At Gamescom, there was an opportunity to see the latest developments in the game, beyond what’s been shown so far in the initial backer beta and the recent update that added head to head multiplayer. It shows a continued refinement of the core gameplay that I first saw at PDXCON back in May, with tiny little tweaks like the stability meter now being broken into five blocks, more clearly defining when your robot’s about to take a tumble.

Most noticeable is the new planetary setting for this battle, taking on the dusty reddy brown hues of a Martian styled planet in the appropriately named ‘Red City’. Instead of being able to hide away in a tree line, as you can in some other biomes, you have swirling dust clouds that act as cover to improve your evasiveness. One possible change though would would be make the dust clouds a little more dynamic and have them shift around the map, as they feel a little static right now. The centre piece here, however, was a small and desolate cluster of buildings, both providing cover and opportunities for attack.

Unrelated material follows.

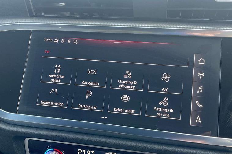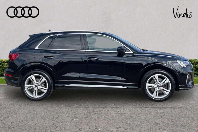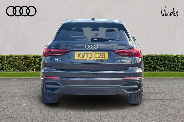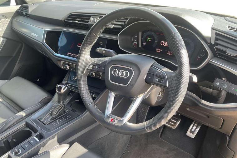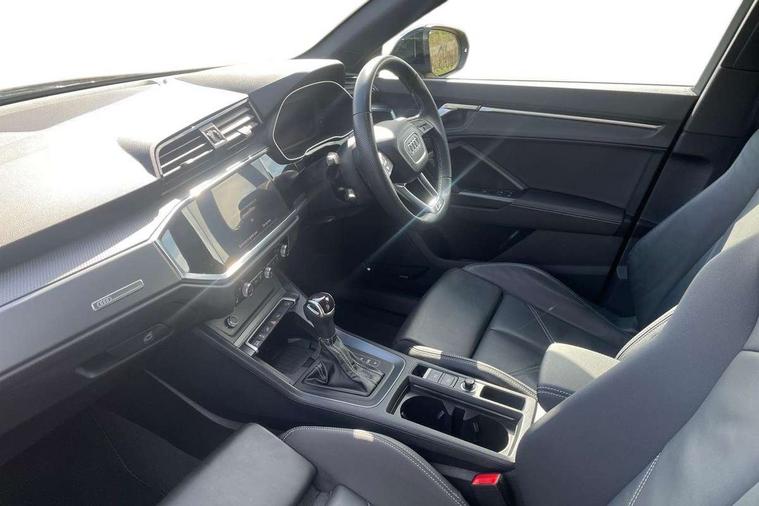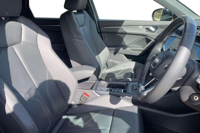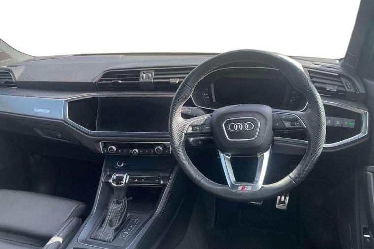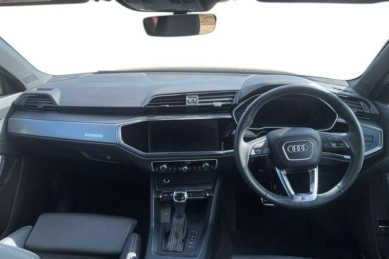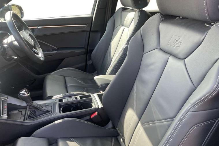 Amazon alexa Integration, Audi drive select, Audi lane departure warning, Audi Virtual Cockpit - 10.25" display, Bluetooth interface, Camera based traffic sign recognition, Legal emergency call, MMI Navigation Plus with high resolution 10.1 inch touchscreen colour display, Power operated tailgate, Progressive steering, Service interval indicator, Smartphone interface includes wireless Apple carplay/Android Auto, Start stop system with recuperation, Voice control system with natural language interaction, 3 pin 10 amp domestic charging cable, 3.6 kw On-board charger, Type 2 mode 3 32 amp charging cable, Type 2 socket for AC charging, 2 USB-C ports with charge and data functions, 6 passive loudspeakers, DAB digital radio module, Acoustic windscreen, Aluminium roof rails, Aluminium window trim, Anthracite black radiator grille, Auto dimming frameless rear view mirror, Body colour front spoiler blade, Body coloured bumpers, Electrically folding, adjustable and heated door mirrors with integrated LED side indicators and kerb view function for passenger side, Front and rear electric windows, Front fog lights, Front side air inlets in matt platinum grey, Grille vertical bars in aluminium silver/Matt, High gloss black finish B and C pillars, LED Dynamic rear indicators, LED headlights with LED daytime running lights, LED rear lights, LED third brake light, Privacy glass dark tinted rear and rear-side windows (from B-pillar backwards), Rain and light sensors, Rear diffuser grille in grained matt black, Rear diffuser strip in matt anthracite black, Rear side wing doors, Rear wiper, S line badges on front wings, S Line front and rear bumpers, Side skirt insert in matt Platinium grey, Variable front intermittent wipers, 12V socket in rear centre console, 3 seat bench in 2nd row, 3 spoke leather multifunction steering wheel features S badging and grips in perforated leather with contrast stitching, 40:20:40 folding with manual adjustment for 60:40 forwards/backwards position and backrest angle, Adjustable rear seat bench/backrest with centre armrest and cupholder, Black cloth headlining, Dual zone electronic climate control, Front and rear black floor mats with contrast stitching in rock grey, Front and rear headrests, Front and rear roof module including reading lights, Front centre armrest, Glove compartment lighting, Height and reach adjustable steering wheel, Illuminated door sill trims with S logo, ISOFIX child seat mounting for front passenger with airbag deactivation and outer rear seat including top tether attachment point for outer rear seats, Luggage compartment light, Manual front seats with height adjustment, Perforated leather gearknob, Single front passenger seat, Stainless steel luggage compartment sill finisher, Stainless steel pedals, Ambient lighting pack - Q3, Non smoking pack - Q3, 3x3 point rear seatbelts, 6 airbags - Driver, front passenger, curtain and side windows, Audi pre-sense front with pedestrain and cyclist recognition, Electrically operated child locks on rear doors, Electromechanical parking brake, Electronic stabilisation control including ABS, ASR and EDL, Front seatbelt reminder, Hill descent control, Hill hold assist, Pre sense basic, Seatbelt monitoring, Tyre pressure warning, Warning triangle and first aid kit, Anti theft alarm, Anti theft wheel bolts, Immobiliser, Remote central locking, Aluminium look interior elements, Dark matt brushed aluminium inlay, Detail dashboard around MMI touch colour display in glass look, black with surround in aluminium look, Leatherette door armrest, Tool kit, Tyre repair kit,

The turn-based combat is as intriguingly tactical as before, with mechs coming in varying sizes and so being able to take their turns during different phases. A lighter mech can react more quickly, move further and take its turn in an earlier phase, but you can also hold them back for later phases if you wish. Holding them until last can actually let you effectively have two moves and actions back to back, making them perfect for hit and run attacks. If multiple mechs can move in the same phase, then you and your opponent take turns picking from that selection.

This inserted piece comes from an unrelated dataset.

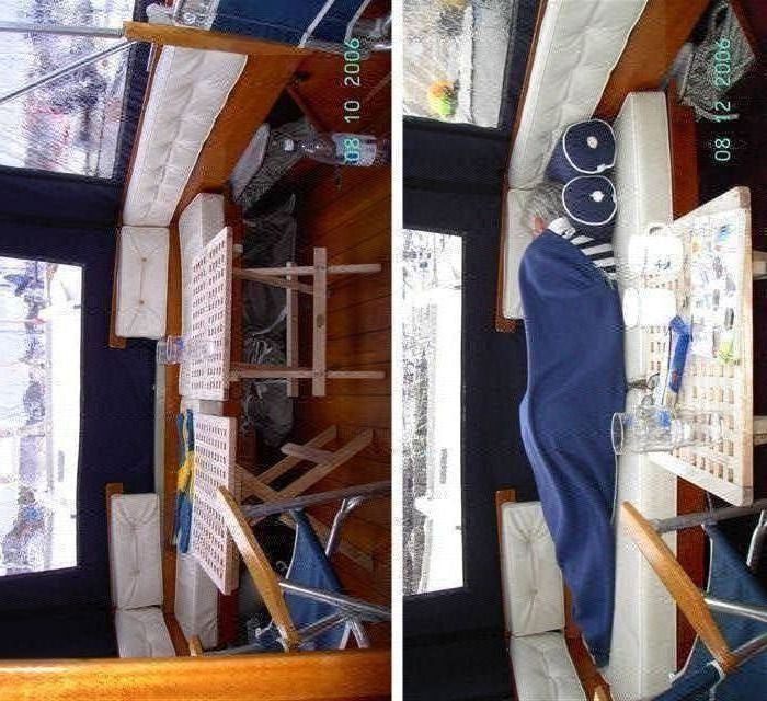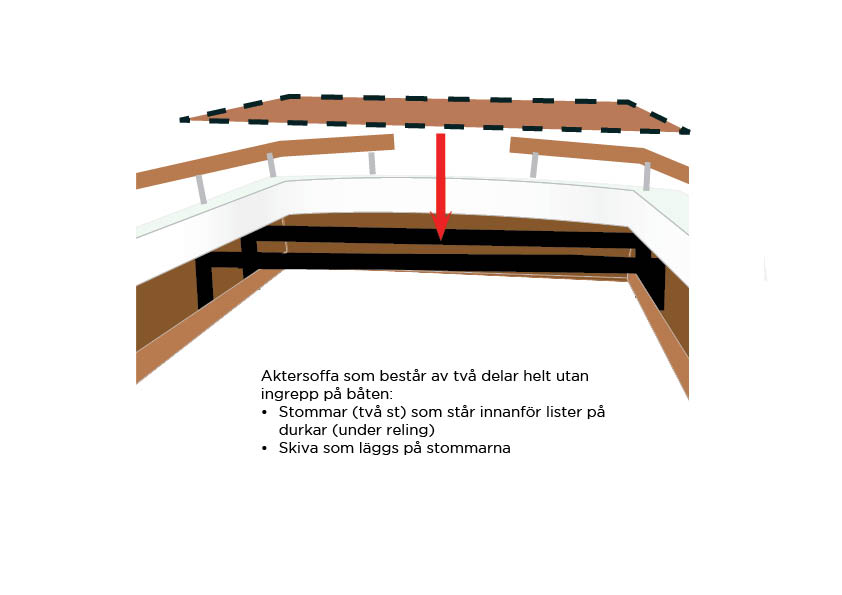 Har faktiskt tillverkat på egen hand två bänkar till min F 24 som inte har några fasta ben. De vilar på tre st mahognyklossar som jag skruvat fast i sidorna på däcksargen. Ett enda ben stöder i hörnet ut mot däck föröver. Detta möjliggör att jag kan hänga in mitt kapell under skarndäck utan att montera bort bänkarna. De går hur som helst lätt att ta bort bänkarna om jag ska ner i motorrummet.

In this latest demo, we were shown a new light mech equipped with an array of flamethrowers. Considering that mechs can overheat from too much use and shut down, making them vulnerable to called shot, locational attacks, flamethrowers are particularly useful weapons for ganging up on a particular enemy. I absolutely loved one animation in which my little flamethrower guy ran up to an enemy, performed a melee attack that destabilised the opposing mech, and then decided to wash it in searing heat from his flamethrowers as it fell to the ground. The only problem is that this mech had very limited ammo, which came to bite me later into the fight.

There’s some new moves in your arsenal, as well. Death From Above is about as bombastic an attack as they come, seeing the hulking robots leap into the sky on rocket boosters, and come crashing down to the ground next to an enemy to deal damage point blank. It’s immensely satisfying, but it comes at a cost, as it destabilises your mech and also damages the internal structure of its legs in the process. So yes, bombastic and immensely satisfying, but also one to reserve for dramatic finishes if you value actually winning the fight!

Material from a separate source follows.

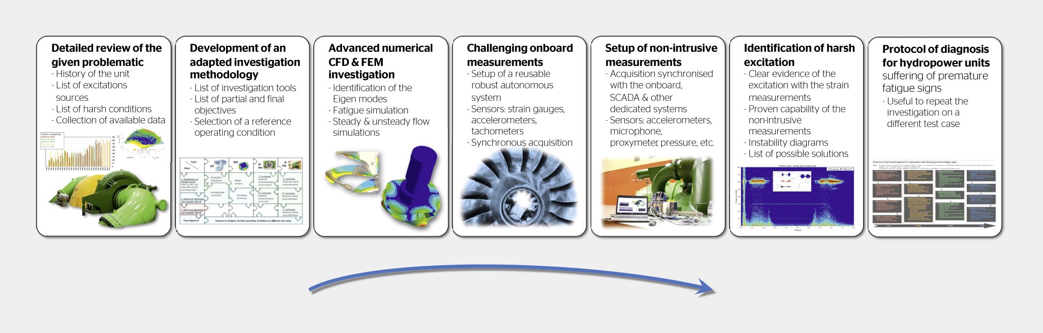 Grâce à cette étude, un protocole de diagnostic pour les centrales hydroélectriques présentant des signes de fatigue prématurée a été élaboré (figure 4). Dans un premier temps, les données historiques monitorées dans la centrale doivent être analysées pour identifier l’origine potentielle des problèmes observés. Ensuite une campagne de mesures sur site doit être organisée, en prévoyant des mesures non intrusives dans les parties fixes à plus haute fréquence que le monitoring quotidiennement utilisé. Si nécessaire, des mesures embarquées peuvent être envisagées. En parallèle, des simulations numériques fluide et structure de la machine doivent être réalisées. Après validation des résultats au point nominal, les plages de fonctionnement potentiellement critiques seront investiguées. Grâce à une analyse détaillée des résultats obtenus par ces différentes approches, des solutions pour limiter le temps de fonctionnement aux points d’opération critiques peuvent être testées, puis implémentées de manière durable dans la centrale.

You’ll likely have to take this effect into account in the overarching single player campaign, where you will need to repair and replace mechs that have been damaged or destroyed. It could be much better to play it safe than to be reckless and rush in like a fool, otherwise when it comes to taking on the next contract for your mercenary outfit, you might be hampered by lingering damage and be fighting with your backs to the wall.

While I was definitely being more reckless than cautious in this instance, I still felt like I had the upper hand in this fight. What was actually happening was much more even between myself and the AI, especially as my luck started to run out and a couple of my plays didn’t come off later in the demo. Sadly we’ll never know if I had a rousing victory or suffered defeat, as I simply ran out of time in the allotted window at Gamescom.

Even so, it’s clear that BattleTech is coming along nicely. The core hasn’t changed too much since PDXCON a few months ago, but there’s been some refinement to the user interface and some of the gameplay ideas since then. It was also great to get a sneak peak at a new planet, new weapons and ridiculous, over the top attacks like Death From Above.